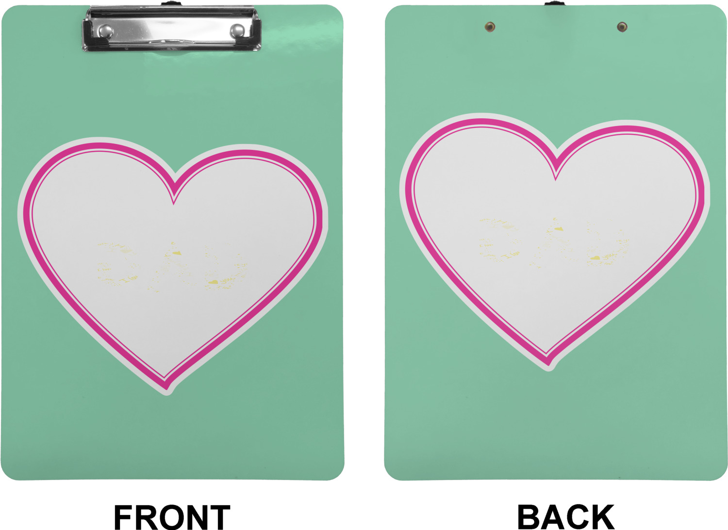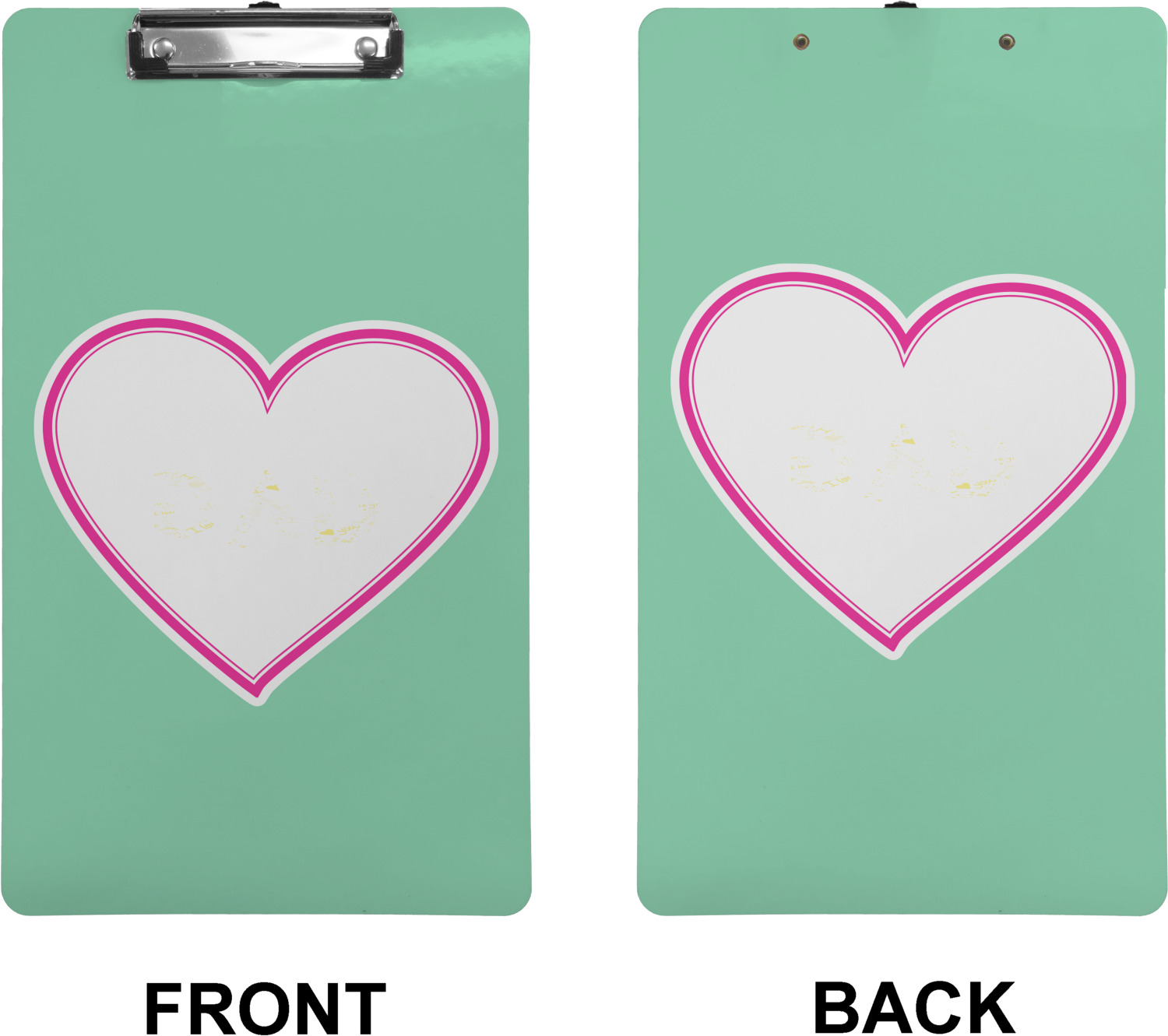 These custom clipboards are made from a strong hardboard and are coated with a glossy finish that accentuates the colors of your design. Alongside a retractable hook at its top, these decorative clipboards also feature sturdy clips to secure several sheets of paper. We sell these clipboards in two separate sizes. Our letter size measures at 12.5" L x 9" W, while our legal clipboard is approximately 15.5" L x 9" W. On both models, your personalization is printed on both sides of this clipboard and can be customized individually.
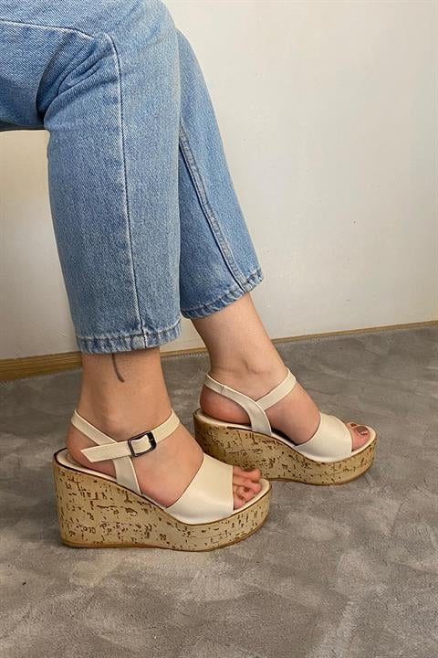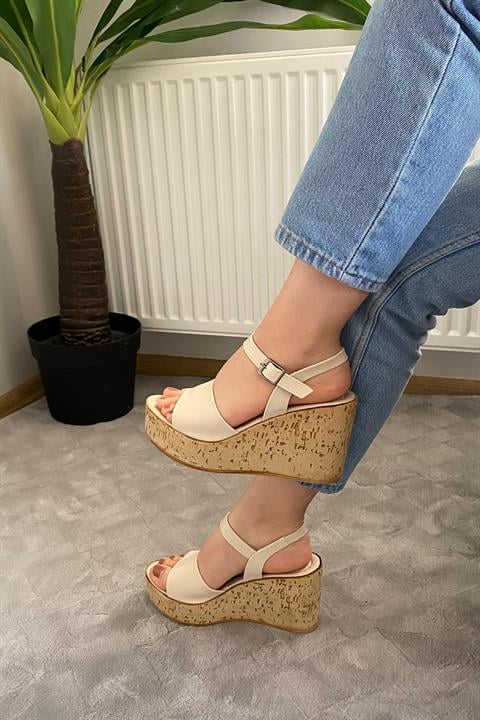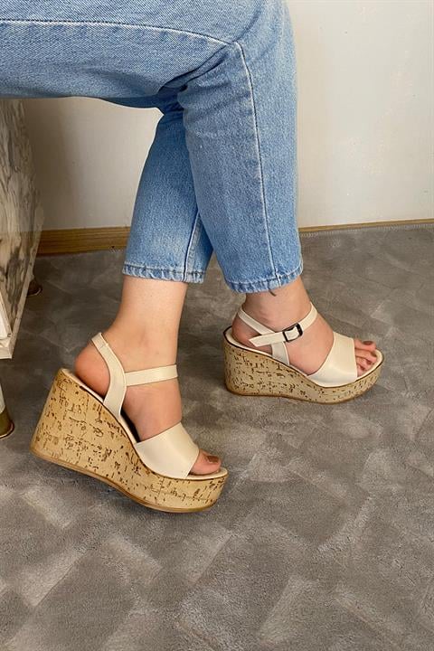 Kadın Bery Krem Cilt Tek Bant Yüksek Dolgu Mantar Taban Ayakkabı & Sandalet K-910
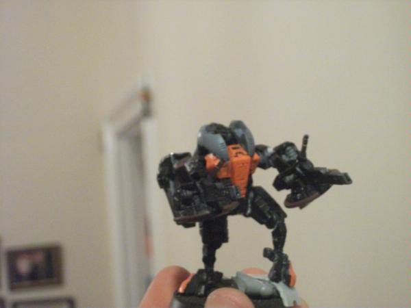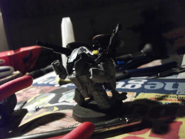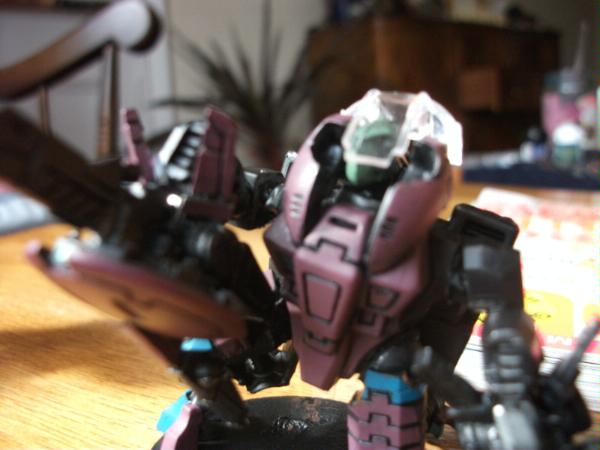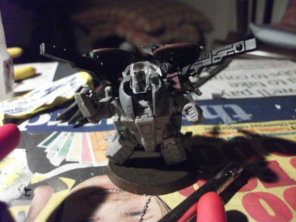 This conversion idea come about for two reasons. Firstly I had seen some incredible conversion work done on Tau suits to fit them into a Kroot army by a fellow called stayfrosty (see http://stillfrostyconversions.com/?cat=4 and http://www.dakkadakka.com/gallery/7761-Brandon%20Vallee%20Kroot%202.html?m=2&w=600). Secondly, I recently played my Salamander acquaintance who fielded 4 dreadnoughts. “Fine” I thought, as I laughed at the thought of my broadside unit easily claiming 4 kill points. The trouble was that my shield drones got blown up and the broadsides fled the field in disgrace (not for the first time). So instead of buying more broadsides at £18 a pop, I thought I would try and convert some of the numerous crisis suits I have lying around. You can easily pick up crisis suits for £6-£7 on ebay as they are much more common than broadsides and don’t have the metal parts. Stealth suits and Sniper drones tend to be cheapish as well as people buy them because they look cool then realize they’re among the most over priced fragile units in the game! Anyway…. Material: 1 set of crisis suit parts, preferably half melted by excessive poly cement 1 stealth suit body (both halves) 1 kroot head 1 canopy, stolen from a model aeroplane kit 2 Magnetised Sniper drones Several 3mm dia. magnets Several 1mm dia. magnets Tools: 1mm hand drill 3mm hand drill (or ‘pin vice’ as Brother Bartius would say) Paper clips (or other, more professional pinning) Superglue Poly Cement Sharp craft knife Snips Pliers Step 1: First thing is to take apart the crisis suit, which had been welded together with far too much poly cement. I had to use the pliers to break the legs off in order to re-posture. Be careful where you apply the force as it’s easy to break the leg instead of getting the leg detached from the torso (I did this!). Nothing wrong with a bit of battle damage! Step 2: Cut the lower leg off just below the knee joint, using a craft knife to follow and cut the curvature of the knee joint on both sides, and then using the pliers to break the lower leg off from the main leg. Step 3: Chop the foot off the lower leg at the ankle ball joint (again the previous owner had pretty much melted the poor thing). By now you have a torso, 2 detached legs, 2 lower legs and 2 feet. Step 4: Decide what posture you want. I decided this guy would be kneeling so there was a bit of slicing of the hip leg joint using the craft knife. I didn’t bother pinning these parts. Step 5: This is a good time to magnetise his hard points – drill into the groove that is already there, this will save some labour. Step 6: Drill 1mm hole into foot and lower leg. Pin lower leg at the ankle end. The picture says it better: Step 7: Poly cement the lower leg in a kneeling position (the lower leg will be rotated 180 degrees from it’s normal orientation). Again a picture speaks a thousand words: Step 8: Get the two ‘halves’ of your stealth suit body. Cut with the craft knife along the curved edge to separate the curved frontage from the body and jet pack. It is really easy to give yourself a nasty cut at this stage – please be careful! Step 9: Drill and pin the stealth suit parts as per this picture. Then drill into the crisis suit chest on both sides. This would also be a good time to drill and pin the Kroot head of the pilot. Really all that is left is the canopy. I took mine from the rear gun canopy of a Lancaster bomber. I think it was 1:72 scale. My Uncle was radio operator and gunner in a Lancaster in WWII. I wonder what he would have made of a Kroot rear gunner! I had to strategically drill and pin the canopy and magnetise the inside edge of the stealth parts with 1mm magnets for this to work. Re-attach the arms in any way you please. If I want to change the angle of the arm I just chop bits of sprue at an angle. Oh yes and at this point you can attach your magnetized sniper drones. If folks are interested I will keep this up to date as I finish him off.

#####

[TASK]: Only the text of the listing should be returned, exactly and in full; no image goes into the copy.

[TASK RESPONSE]:
 These custom clipboards are made from a strong hardboard and are coated with a glossy finish that accentuates the colors of your design. Alongside a retractable hook at its top, these decorative clipboards also feature sturdy clips to secure several sheets of paper. We sell these clipboards in two separate sizes. Our letter size measures at 12.5" L x 9" W, while our legal clipboard is approximately 15.5" L x 9" W. On both models, your personalization is printed on both sides of this clipboard and can be customized individually.
 Kadın Bery Krem Cilt Tek Bant Yüksek Dolgu Mantar Taban Ayakkabı & Sandalet K-910
 This conversion idea come about for two reasons. Firstly I had seen some incredible conversion work done on Tau suits to fit them into a Kroot army by a fellow called stayfrosty (see http://stillfrostyconversions.com/?cat=4 and http://www.dakkadakka.com/gallery/7761-Brandon%20Vallee%20Kroot%202.html?m=2&w=600). Secondly, I recently played my Salamander acquaintance who fielded 4 dreadnoughts. “Fine” I thought, as I laughed at the thought of my broadside unit easily claiming 4 kill points. The trouble was that my shield drones got blown up and the broadsides fled the field in disgrace (not for the first time). So instead of buying more broadsides at £18 a pop, I thought I would try and convert some of the numerous crisis suits I have lying around. You can easily pick up crisis suits for £6-£7 on ebay as they are much more common than broadsides and don’t have the metal parts. Stealth suits and Sniper drones tend to be cheapish as well as people buy them because they look cool then realize they’re among the most over priced fragile units in the game! Anyway…. Material: 1 set of crisis suit parts, preferably half melted by excessive poly cement 1 stealth suit body (both halves) 1 kroot head 1 canopy, stolen from a model aeroplane kit 2 Magnetised Sniper drones Several 3mm dia. magnets Several 1mm dia. magnets Tools: 1mm hand drill 3mm hand drill (or ‘pin vice’ as Brother Bartius would say) Paper clips (or other, more professional pinning) Superglue Poly Cement Sharp craft knife Snips Pliers Step 1: First thing is to take apart the crisis suit, which had been welded together with far too much poly cement. I had to use the pliers to break the legs off in order to re-posture. Be careful where you apply the force as it’s easy to break the leg instead of getting the leg detached from the torso (I did this!). Nothing wrong with a bit of battle damage! Step 2: Cut the lower leg off just below the knee joint, using a craft knife to follow and cut the curvature of the knee joint on both sides, and then using the pliers to break the lower leg off from the main leg. Step 3: Chop the foot off the lower leg at the ankle ball joint (again the previous owner had pretty much melted the poor thing). By now you have a torso, 2 detached legs, 2 lower legs and 2 feet. Step 4: Decide what posture you want. I decided this guy would be kneeling so there was a bit of slicing of the hip leg joint using the craft knife. I didn’t bother pinning these parts. Step 5: This is a good time to magnetise his hard points – drill into the groove that is already there, this will save some labour. Step 6: Drill 1mm hole into foot and lower leg. Pin lower leg at the ankle end. The picture says it better: Step 7: Poly cement the lower leg in a kneeling position (the lower leg will be rotated 180 degrees from it’s normal orientation). Again a picture speaks a thousand words: Step 8: Get the two ‘halves’ of your stealth suit body. Cut with the craft knife along the curved edge to separate the curved frontage from the body and jet pack. It is really easy to give yourself a nasty cut at this stage – please be careful! Step 9: Drill and pin the stealth suit parts as per this picture. Then drill into the crisis suit chest on both sides. This would also be a good time to drill and pin the Kroot head of the pilot. Really all that is left is the canopy. I took mine from the rear gun canopy of a Lancaster bomber. I think it was 1:72 scale. My Uncle was radio operator and gunner in a Lancaster in WWII. I wonder what he would have made of a Kroot rear gunner! I had to strategically drill and pin the canopy and magnetise the inside edge of the stealth parts with 1mm magnets for this to work. Re-attach the arms in any way you please. If I want to change the angle of the arm I just chop bits of sprue at an angle. Oh yes and at this point you can attach your magnetized sniper drones. If folks are interested I will keep this up to date as I finish him off.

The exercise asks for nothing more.